Patron: What is the value of risk management? Why should risk management be at the top of the industry’s list?

Miller: I would turn the question around and ask companies, “are you providing any value if you are not appropriately managing your risk? Are you providing any value to the construction process?” I think the answer to that question is no. If you are a company that focuses on risk management throughout the contracting process, the operational aspect of the construction and focus on the fortuitous elements, you wind up with a client who is going to be happier with your work at the end of the day, and thereby you’ll get additional work from that client. If it’s a one-off client, you at least enjoy the reputation that that client will pass along to peers on your behalf.
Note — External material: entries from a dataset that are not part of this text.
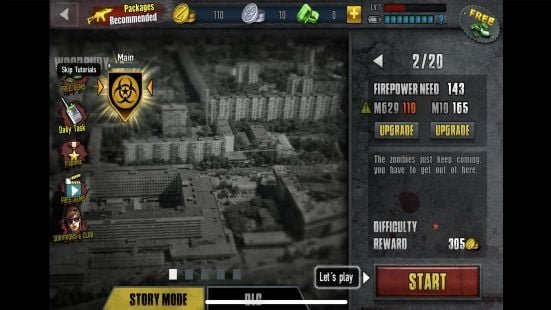 The gameplay is divided into several levels, each consisting of multiple stages. In each stage, players must defeat wave after wave of zombies while completing various objectives, such as defending a location, saving survivors, or collecting resources. The game also includes boss battles, where players must defeat a powerful zombie boss to progress.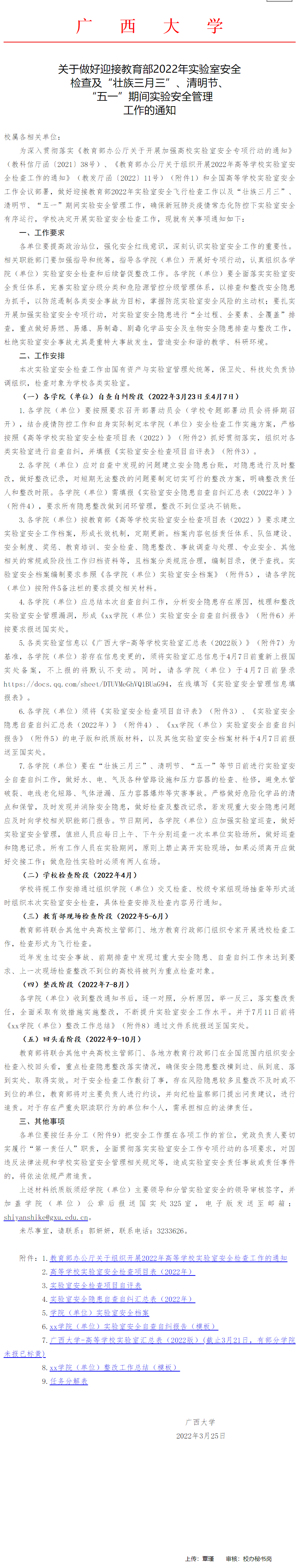 关于做好迎接教育部2022年实验室安全检查及“广西三月三”、清明节、“五一”期间实验安全管理工作的通知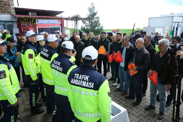 Ayrıca, traktörlerin trafikte görünürlüğünün artırılması amacıyla Sur İlçe Jandarma Komutanlığı ekiplerince 100 traktöre reflektör, 20 traktöre ise sarı flaşörlü ikaz lambası takıldı.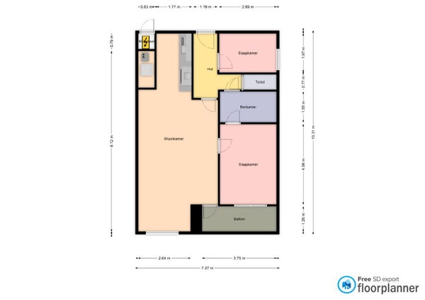 - De galerijflat heeft een woonoppervlakte van 68 m² en beschikt over 4 kamers, waarvan 2 slaapkamers;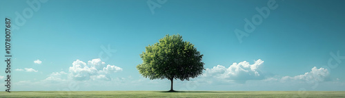 Fototapeta premium A Single Tree Stands Tall in a Field with a Blue Sky and White Clouds Above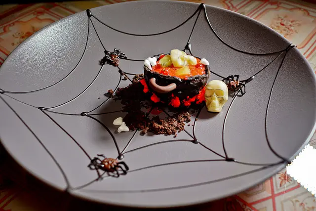 轉過來後靠北,煮骷髏頭?! 這有可怕,而且超有創意,底下做成像是泥土,然後紅色的像是火燄,黑色的鍋子還有把手,裡面煮的是骷髏頭和紅色不知什麼的湯。光看就覺得是藝術品啊。其實 底下的土是巧克力,鍋子是泡芙再塗上巧克力,紅色的湯頭是秘製莓果醬,骷髏頭是白巧克力,蛛網與蜘蛛都是巧克力作成。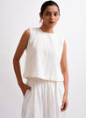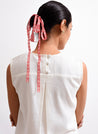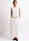 A two piece set pairing the Macy Top and the Alyssa Skirt. The pinstriped top with a pleat at the back features a round neck and a loop button at the back. Length 17". Made in cotton, lined. The A-line midi skirt with gather details features an elasticated waist and inseam pockets. Length 32". Made in silk Muslin, lined.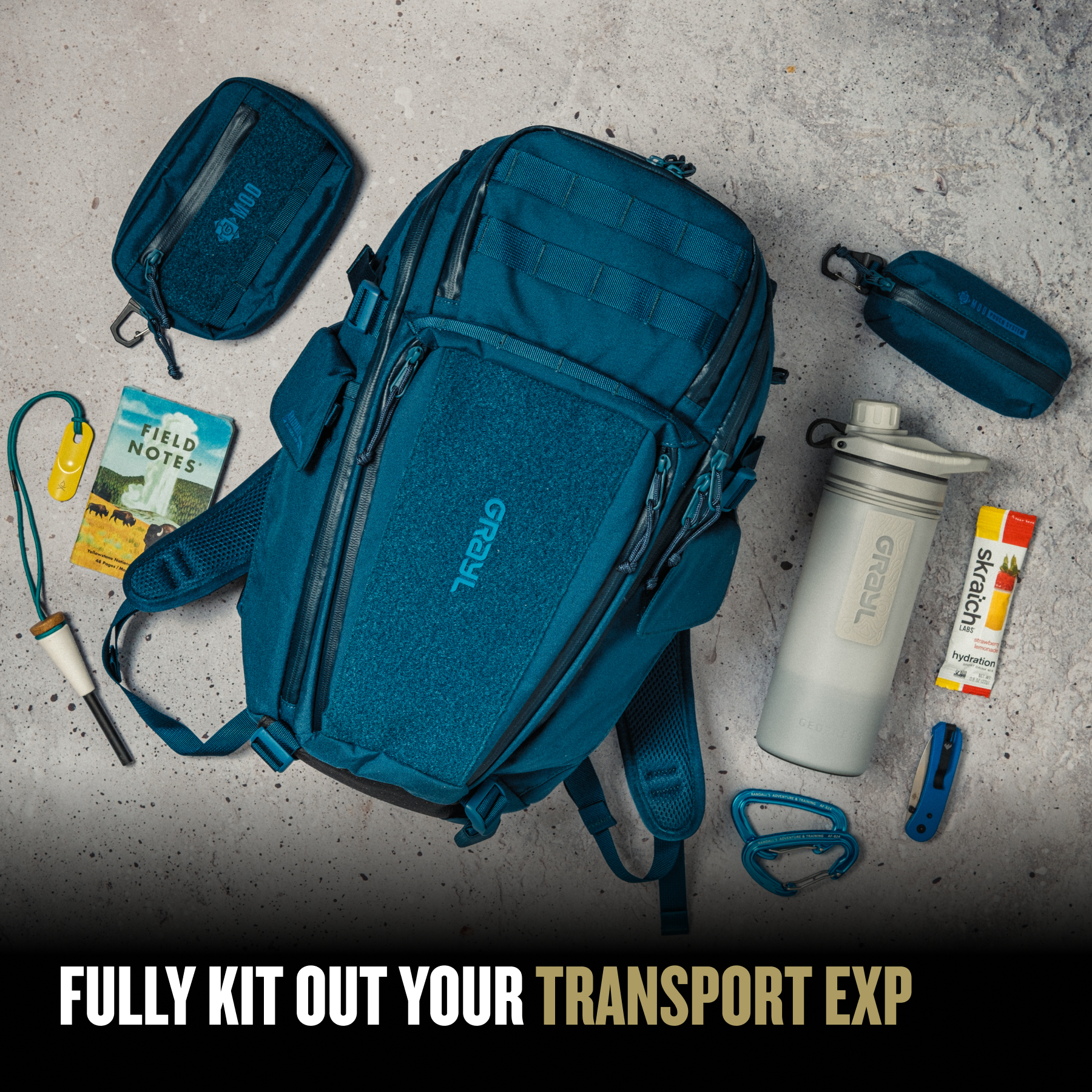 Expanse BottleDrop™ Pockets are featured on both sides of the Transport EXP Backpack. With an adjustable compression strap and flexible stretch woven panels, this pocket is perfect for a Grayl or any gear needing a secure home.

Additionally, the contractors who we see as being very successful in terms of managing the safety elements of the process add to their bottom line with lower EMRs and lower insurance premiums. These contractors are able to take higher retentions or deductibles as compared to other contractors because they are confident they can manage it, and are able to reduce premiums that way. Focusing on the contracting piece of this as well, successful contractors know what’s in their contract. What is interesting, if you ask contractors what they do, they always tell you that they build. However, they are not called contractors without reason. A large part of what they do is the contracting process itself—reviewing, negotiating, and signing contracts. They need to know what is in those contracts to manage the inherent risks.

Schwartzkopf: Some CII data, and I’m not sure it’s the most current, talks about having senior management’s commitment to create a culture of safety or a culture of managing risks. CII found that when top management was involved in reviewing every recordable incident investigation, the recordable incident rate was 1.2, as opposed to the recordable incident rate of almost 7.0 when top managers participate 50 percent or less of the time in the investigation. That is pretty compelling.

Patron: Is there anything else you would want to highlight around risk?

Miller: Understand what you’re signing when you sign that contract. If you wind up in litigation, nobody is going to forgive you because you didn’t see it or didn’t understand it.

Patron: Then risk management starts there?

Miller: It actually starts in selecting the types of projects you want your business development manager to focus on.

CONCLUSION

Jeremy Laurance, journalist and health editor for The Independent, captures this dilemma very succinctly, “The message here is that it is not enough to share information on risks—we have to communicate them meaningfully as well. The language of risk increasingly dominates our lives, but no one is translating it.” We know construction is an inherently risky business. The ability to understand what the risks are is only the first step. The real value of knowing lies in how effective you are in managing risk.